За стеной, где раньше размещалась гаражная мастерская, слышался невнятный говор арестованных. Неожиданно донесся громкий девичий голос:
– Крепись, Зинка!
Но из уст избитой девушки вырвался лишь глухой стон.
Рунцхаймер вернулся в гараж вместе с Гарасом. Пес подбежал к лежаку, обнюхал девичье тело, слизнул кровь с бедра. Рунцхаймер заставил собаку подойти к нему.
– Развяжите ее!
– распорядился он.
Дубровский перевел, и полицейский проворно развязал.
– Вставай!
И эту команду перевел Дубровский.
Девушка поднялась, стыдливо прикрывая руками тело.
– Переведите ей, что, если она не расскажет, кто поджег маслозавод в Кадиевке, я спущу на нее собаку.
Зная, что от Рунцхаймера можно ждать всего, Дубровский перевел эту фразу и тут же обратился к шефу:
– Господин фелъдполицайсекретарь, а если она действительно не знает, кто это сделал?
– Это меня мало интересует, господин Дубровский. В таком случае пусть возьмет вину на себя.
Дубровский чуть не задохнулся в бессильной ярости.
– Господин фельдполицайеекретарь,- вырвалось у него,- если вам безразлично, я готов принять маслозавод на себя, но пощадите эту девушку! Посмотрите, она вся дрожит. Она же рассказала вам все, что знает. Будьте снисходительны к слабому полу.
– Я обещал сделать из вас мужчину, а вместо этого вы, кажется, намереваетесь превратить меня в слюнтяя. И как ни странно, у вас получается. Действительно, глупо предполагать, что эта девчонка - представительница слабого пола, как вы смели заметить,- могла спалить маслозавод, взорвать водокачку. На такое мог решиться какой-нибудь шустрый, отчаянный паренек. Вы правы, так будет правдоподобнее. Уведите!
– распорядился Рунцхаймер.- И тащите сюда одного из ее кавалеров. Посмотрим, что он скажет.

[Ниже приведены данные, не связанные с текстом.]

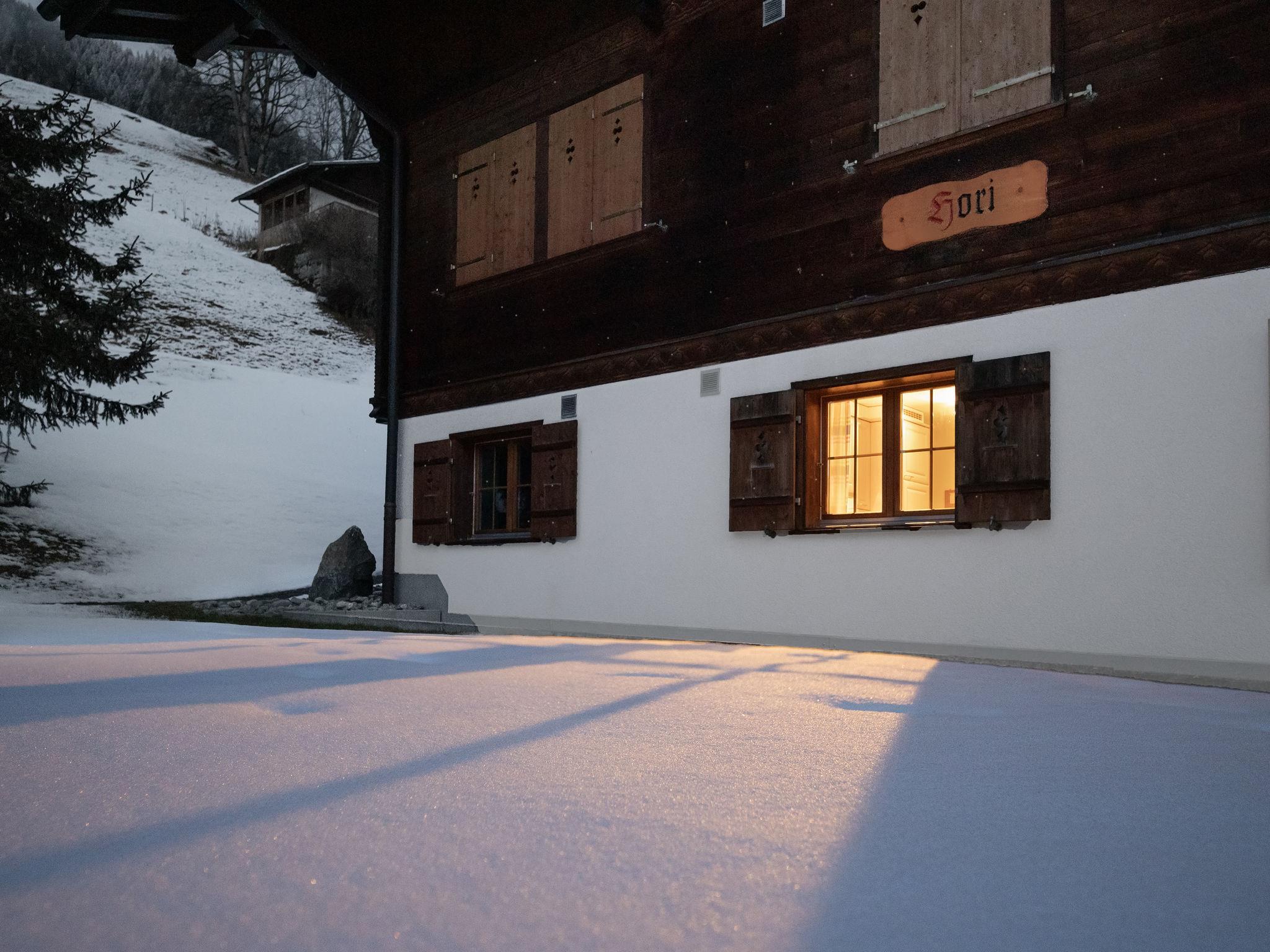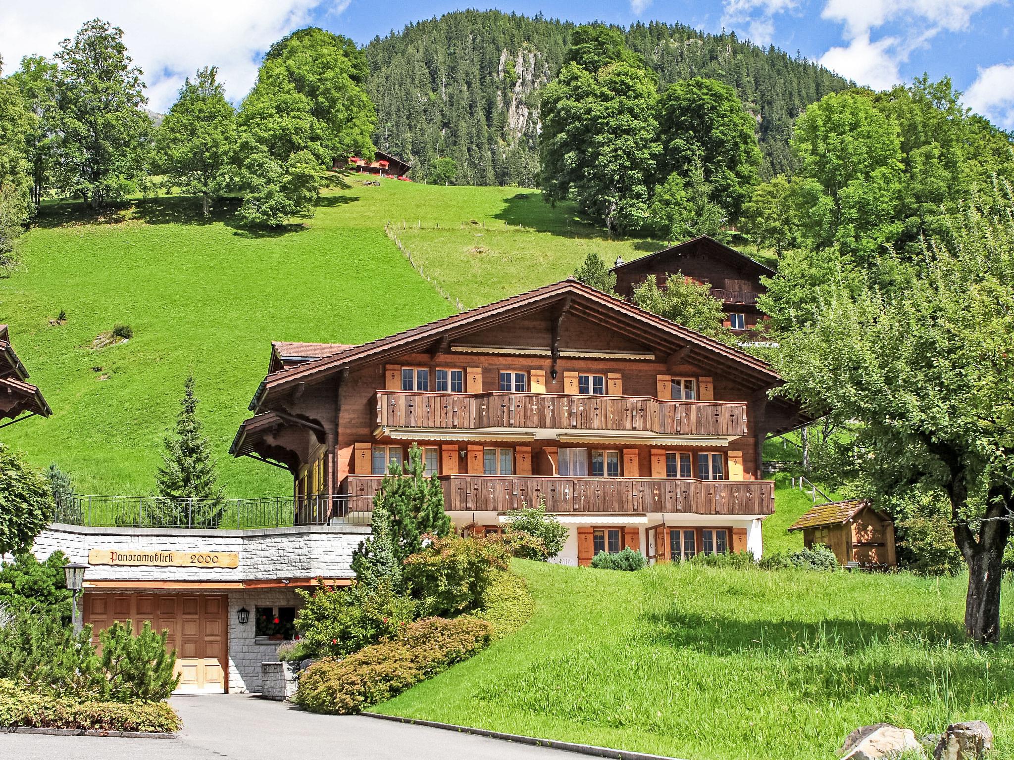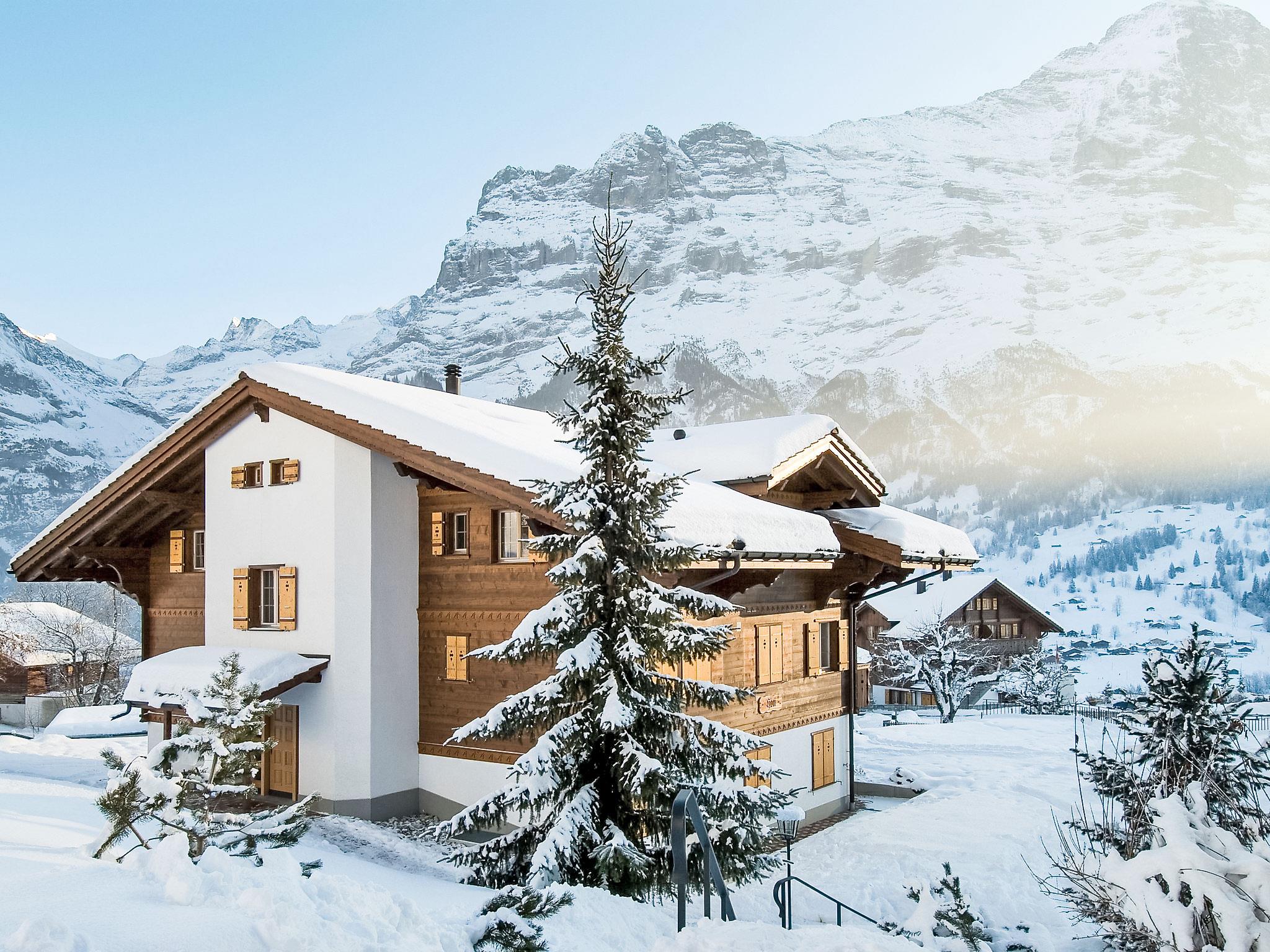 Very beautiful apartment house "Chalet Hori", detached. In the district of auf dem Stein, 1.4 km from the centre, in a quiet, sunny position, in the countryside, south facing position. In the house: lift, storage room for skis, central heating system, washing machine, tumble dryer (for shared use). Narrow motor access to the grounds. In Winter: please take snow chains. Communal covered parking. Grocery 400 m, shopping centre 1.4 km, restaurant 200 m, bicycle rental 1.8 km, bus stop "Stein" 20 m, railway station "Grindelwald Dorf" 1.4 km, outdoor swimming pool 2.8 km, indoor swimming pool 1.5 km. Golf course (9 hole) 3 km, tennis 2.5 km, minigolf 1.6 km, sports centre 1.5 km, gondola lift 1.8 km, ski rental 1.6 km, ski bus stop 20 m, cross country ski track 2.5 km, ice rink 1.5 km, children's playground 1.6 km. Well-known lakes can easily be reached: Thuner-/Brienzersee 20 km. Please note: ski bus (free of charge).

До поздней ночи продолжался в гараже кровавый кошмар. Дважды разъяренный Гарас по команде хозяина бросался на обезумевшего подростка, который в конце концов не выдержал и стал оговаривать и себя, и своих товарищей. Рунцхаймер торжествовал. Теперь он мог доложить полицайкомиссару Майснеру, что обнаружил и уничтожил виновников поджога маслозавода и взрыва водокачки. Рано утром все члены так называемой партизанской банды из Первомайки были вывезены на окраину Кадиевки и расстреляны. А днем Рунцхаймер отправил срочное донесение в Сталино, в штаб ГФП-721, об успешно проведенной операции.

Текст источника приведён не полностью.